RECORDS FOR PROCESSING
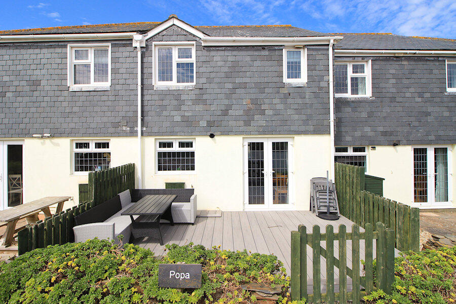 Popa sits within the central courtyard of Polmark Beach Cottages, just a couple of hundred metres from Harlyn Bay beach.Comfortably sleeping six Popa has a real home-from-home feel, is dog friendly and benefits from a south facing decked garden with parking for two cars.Downstairs comprises of a large modern kitchen diner and comfortable lounge. Upstairs has three bedroom with an en-suite in the master and a full family bathroom.Less than three miles from the picturesque town of Padstow famed for its restaurants and with its stunning harbour all the amenities a holiday may require are not far away. Popa is the ideal base to explore all Cornwall has to offer.
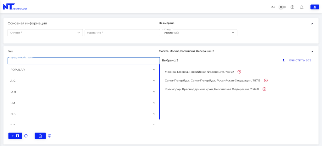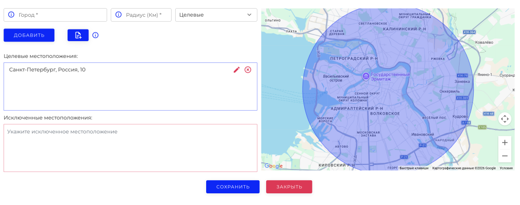 Настроенный регион и радиус отобразится в разделе местоположений, в зависимости от типа (целевые, исключения). Если произойдет их пересечение, то населенные пункты, попавшие в эту область, будут расцениваться системой как исключенные.
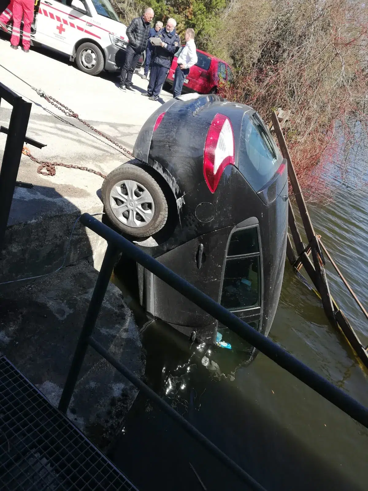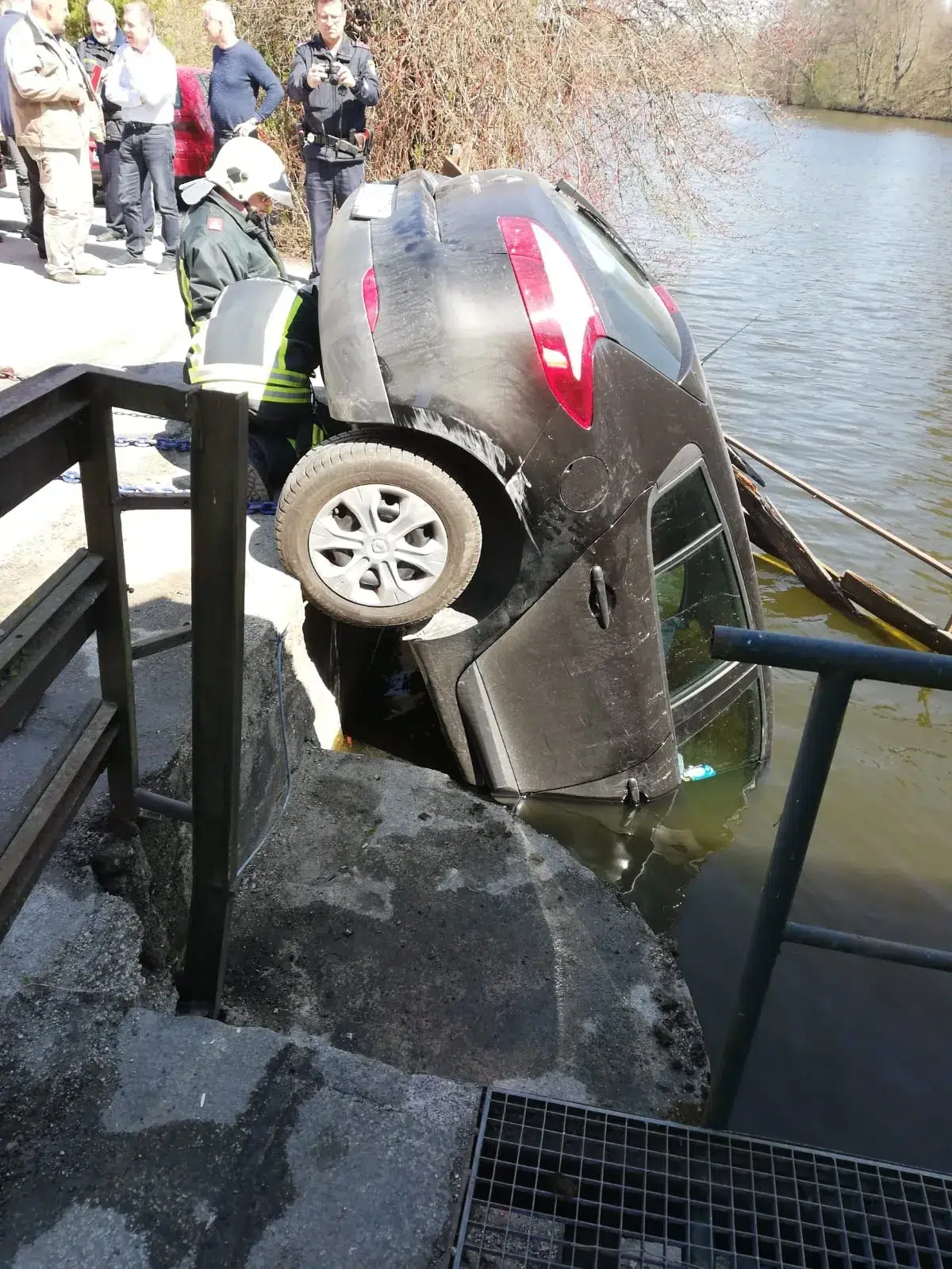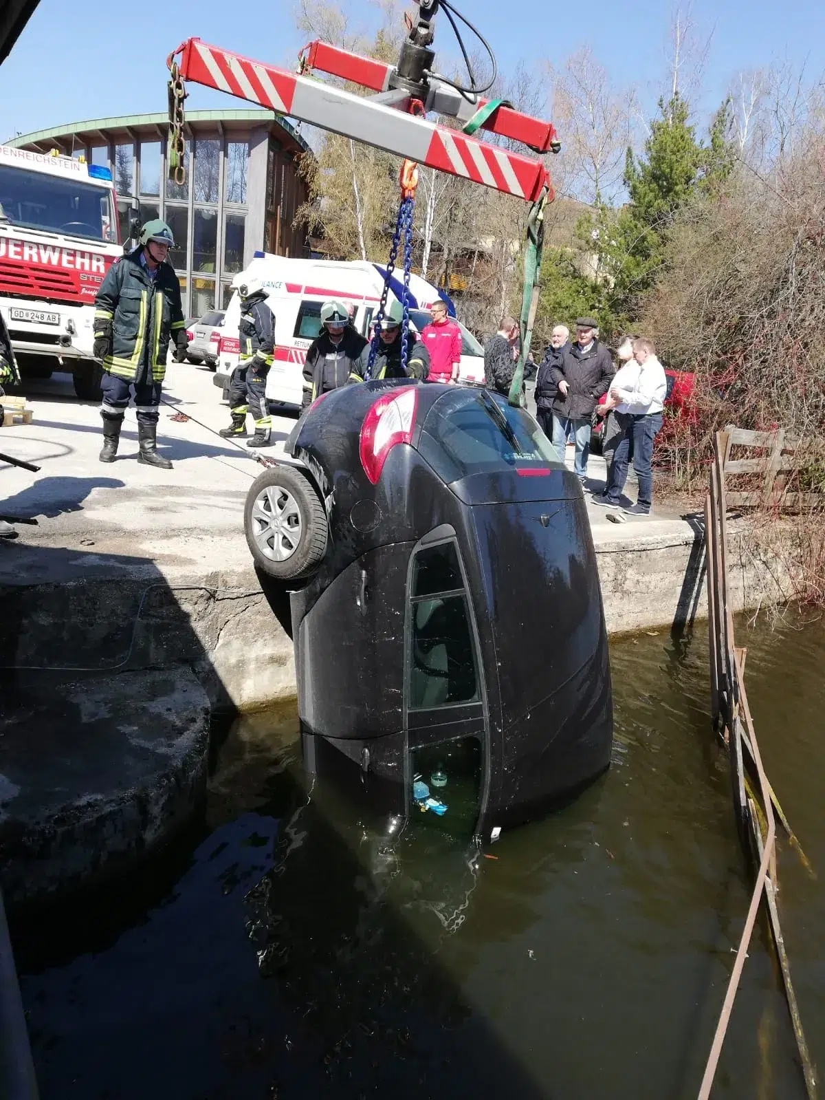 Die anschließende Bergung des Autos mittels Feuerwehrkrans war sehr heikel und spektakulär. Anschließend musste noch ausgeronnenes Öl im Wasser gebunden und entsorgt werden.
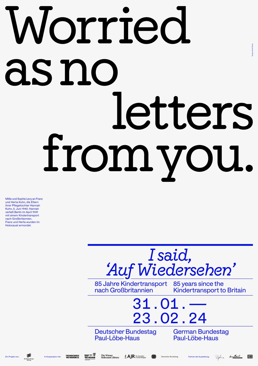 I said ‘Auf Wiedersehen’ — 85 Years of Kindertransport to Britain, exhibition graphics and campaign design for Berthold Leibinger Stiftung, at Paul-Löbe-Haus, German Bundestag, 2024
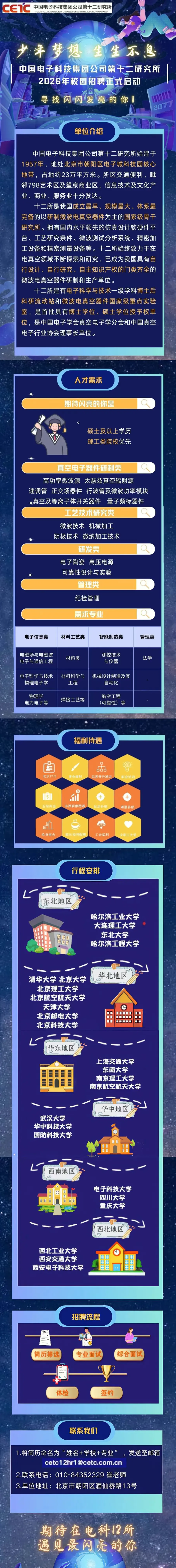 中国电子科技集团公司第十二研究所2026届校园招聘 时间:2026-04-29 16:07 作者:吴老师 半月讲坛温馨提示:信息均转载自官方网站,仅供参考,不构成相关服务。其最终解释权归相关单位所有,如对信息有疑问,请直接与相关单位联系。转载目的在于信息传递,我司不承担此类稿件其他行为的连带责任,如有侵权或需删除请联系我们。因此带来的不便敬请谅解! (责任编辑:吴老师) 上一篇:国金证券2026年暑期实习暨2027届校园招聘 下一篇:昆仑数智科技有限责任公司招聘公告

TASK BRIEF
From the line that contains "Die anschließende Bergung" down to the last line of the entries above, copy every line exactly and leave out the pictures.

FINAL ANSWER
 Die anschließende Bergung des Autos mittels Feuerwehrkrans war sehr heikel und spektakulär. Anschließend musste noch ausgeronnenes Öl im Wasser gebunden und entsorgt werden.
 I said ‘Auf Wiedersehen’ — 85 Years of Kindertransport to Britain, exhibition graphics and campaign design for Berthold Leibinger Stiftung, at Paul-Löbe-Haus, German Bundestag, 2024
 中国电子科技集团公司第十二研究所2026届校园招聘 时间:2026-04-29 16:07 作者:吴老师 半月讲坛温馨提示:信息均转载自官方网站,仅供参考,不构成相关服务。其最终解释权归相关单位所有,如对信息有疑问,请直接与相关单位联系。转载目的在于信息传递,我司不承担此类稿件其他行为的连带责任,如有侵权或需删除请联系我们。因此带来的不便敬请谅解! (责任编辑:吴老师) 上一篇:国金证券2026年暑期实习暨2027届校园招聘 下一篇:昆仑数智科技有限责任公司招聘公告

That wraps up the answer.